It's slightly strange to me that one of the top stories of 2019 was a pretty minor touch of wheels that as far as I can tell caused far more controversy outside the team involved than inside the actual team itself. In my view, it's a reflection of a media contingent salivating for content and controversy, even when there is only the merest whiff of smoke. And it's turning off the fans, who are increasingly treated like idiots who don't understand a single thing about the nature and nuance of the sport they love.

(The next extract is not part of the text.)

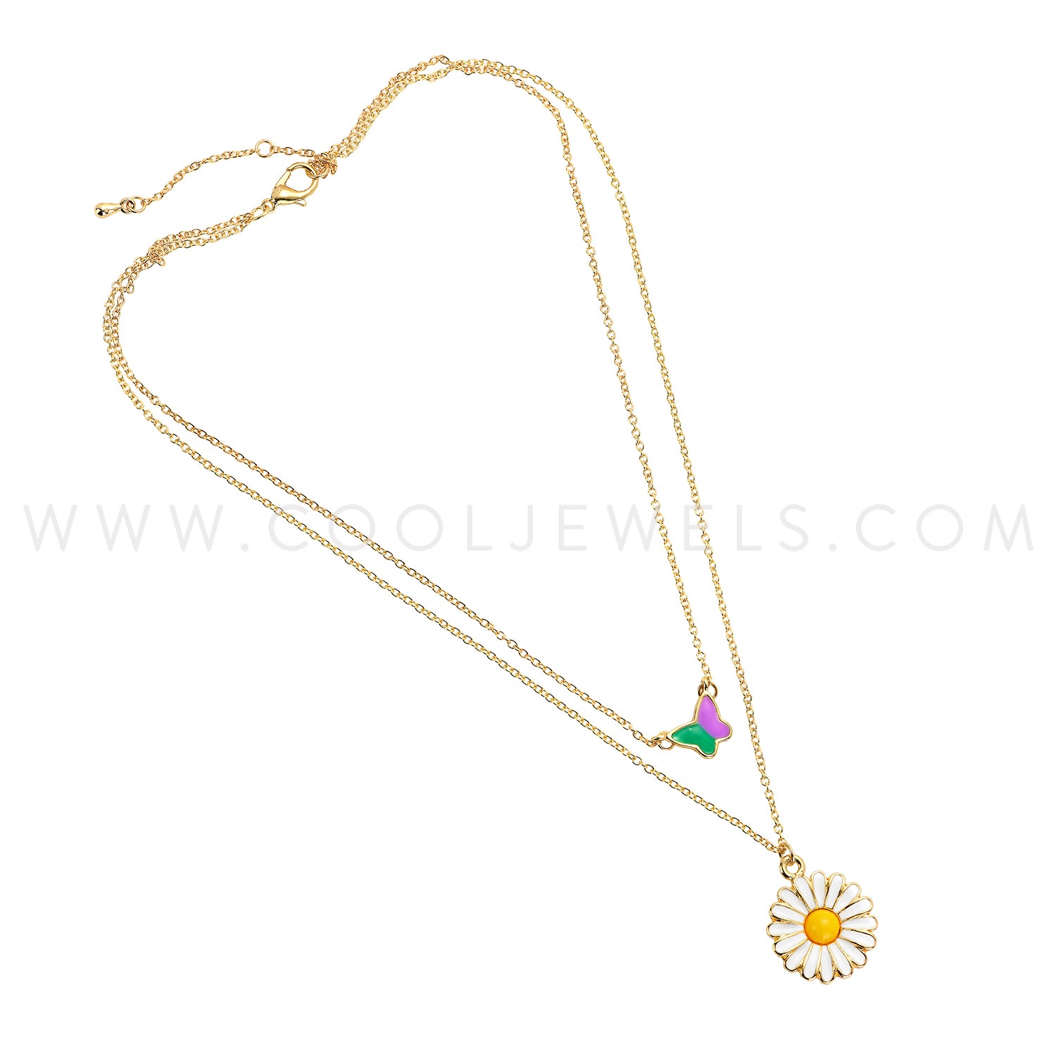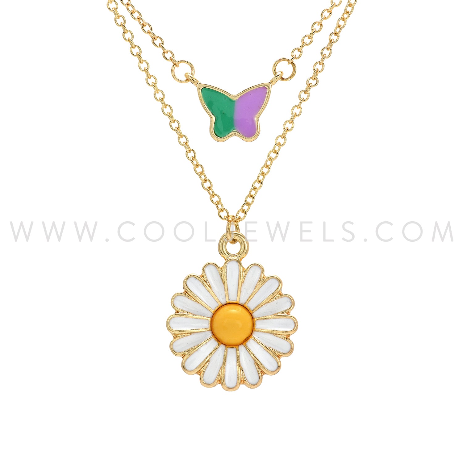 (SET OF 2) GOLD LINK CHAIN NECKLACE WITH DAISY & BUTTERFLY PENDANTS - CARDED

In an alternate universe, the moment would have passed by with little more than commentators ooh-ing and aah-ing about a close call that did no damage. But in our humble little world, where every single incident and story must be exploded like dynamite by a trouble-making media contingent desperate for something to talk about every hour and day deep into the weeks to come, it was a big deal because both cars ended up retiring.
Earth-shattering! Career-ending! Dynamic-shifting!

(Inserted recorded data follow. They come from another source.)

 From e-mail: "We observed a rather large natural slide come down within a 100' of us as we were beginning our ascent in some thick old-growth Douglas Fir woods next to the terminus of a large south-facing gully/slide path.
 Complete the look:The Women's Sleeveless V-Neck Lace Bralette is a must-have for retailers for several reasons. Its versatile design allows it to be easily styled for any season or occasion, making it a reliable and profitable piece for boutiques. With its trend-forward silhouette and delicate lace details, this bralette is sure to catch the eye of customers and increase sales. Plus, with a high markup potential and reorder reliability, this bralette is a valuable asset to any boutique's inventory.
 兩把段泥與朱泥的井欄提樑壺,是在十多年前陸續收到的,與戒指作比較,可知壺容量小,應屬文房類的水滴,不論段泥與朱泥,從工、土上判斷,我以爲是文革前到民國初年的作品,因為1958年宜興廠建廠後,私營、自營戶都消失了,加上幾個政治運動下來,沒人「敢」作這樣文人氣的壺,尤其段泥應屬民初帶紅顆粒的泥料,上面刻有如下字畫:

But let's put it into a bit of perspective:
Firstly, if Vettel and Leclerc had stayed at home rather than fly to Sao Paulo to play silly-buggers on that run down to Descida do Lago, it would have made not a single difference in the overall scheme of things in Formula 1. The title fight was over. Leclerc had already made his point in 2019. Vettel was already cruising awkwardly towards the end of a fifth-consecutive season in red with a fifth consecutive lump of failure in his throat.
Sure, the 'crash' - if you can even call it that - was a nice, headline-shaped metaphor for the tension and the generation-shifting that had been occurring at Ferrari throughout the season. Yes, it was a tangible sign that these boys needed their bottoms slapped in the headmaster's office before the *actual* battle gets started next year. True, it's the perfect opportunity for Ferrari to repeat for the 45,824th time that drivers are never as important as the Prancing Horse. Correct, it was a wake-up call for Messieurs Vettel and Leclerc that their radio-whining throughout 2019 can actually turn into a carbon fibre shower that could ruin their championship campaign and seriously piss off the very serious-looking Italians who sign their giant cheques.

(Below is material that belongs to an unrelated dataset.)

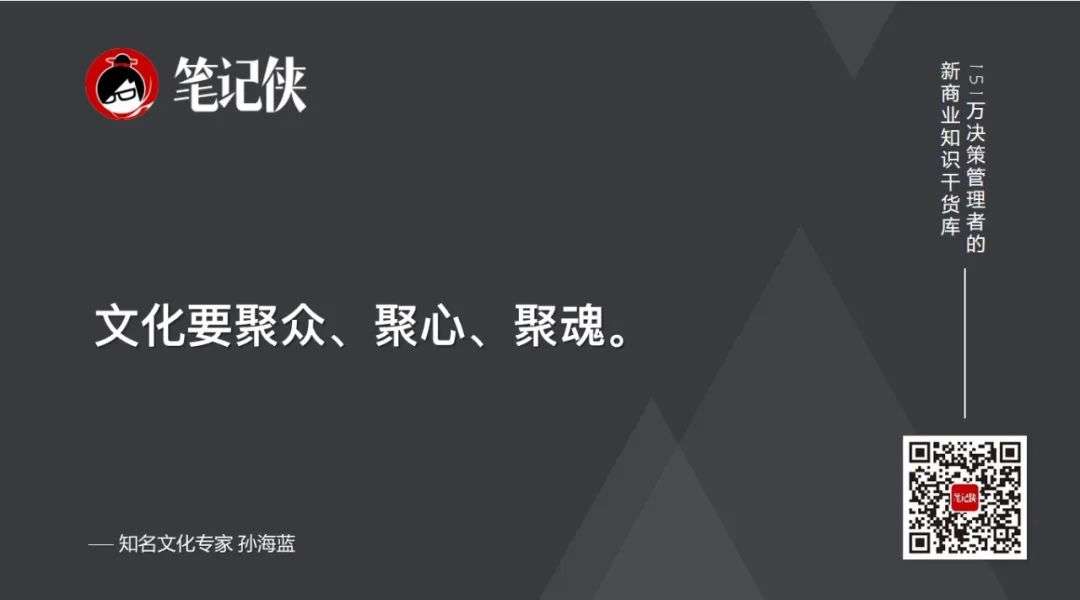 今天的分享主要分为三部分,分别是:文化聚人;文化传播;文化造势。每个部分都与企业文化如何凝聚人心密切相关。

But let's not kid ourselves. This is racing. We *like* to see racing - and arguably just as much when things go badly for the protagonists as when the superb wheel-to-wheel gladiator-duelling with millimetre precision leaves us aghast and impressed at our heroes' super-human talent.
It's therefore to the credit of the calm, analytical, pragmatic and nonetheless obviously peeved on this occasion Mattia Binotto that he tried his darndest to roll out a media strategy straight out of the Manila folder marked 'Calm down, everybody'. Ferrari, especially when run by the hand-waving, "Mamma Mia"-exclaiming Italians rather than the Napoleon-like Jean Todt, has been all too prone to succumbing to hysterical media narratives about yet another scarlet-coloured "crisis", and headless chicken-like "emergency meetings". Instead, Binotto played a role just like your mildly-irritated mother, insisting it's better if these racy but very naughty boys let off some steam now, when it doesn't really matter, than in the heat of a proper battle in 2020.
Essentially, the rant you've just read is not at all about Ferrari and its fascinating driver lineup that is sure to keep exciting us all in 2020 with its appealing narrative. It's more an appeal to the media to sometimes - just sometimes! - treat the F1 fans a little less like children being hysterically revved up in a sideshow ally, and more like adults who understand with more nuance than they are given credit for exactly what they're looking at when racing has its natural consequences.
Do you think that, when it comes to media hype, things haven't really changed that much? Then recall the heyday of the great and brilliant Murray Walker, whose commentary style was described by the equally brilliant (and now sorely missed) Clive James as sounding like a man with his pants on fire. Yes, Murray's voice would rise to a banshee-like soprano when he was really excited. But he would reserve his most panic-stricken "Oh my gosh! This is fantastic!" moments for when things really *were* fantastic and oh-my-gosh-worthy. At all other times, while his pants may have occasionally let off a puff of smoke or a spark or two, this was actually a cool media professional who knew how to add colour to our beautiful sport, but shied away from sensationalising it.
Vettel vs Leclerc in Brazil? A minor bingle, a bookmark for 2020, and an example of what's wrong with the media today. Nothing more, nothing less.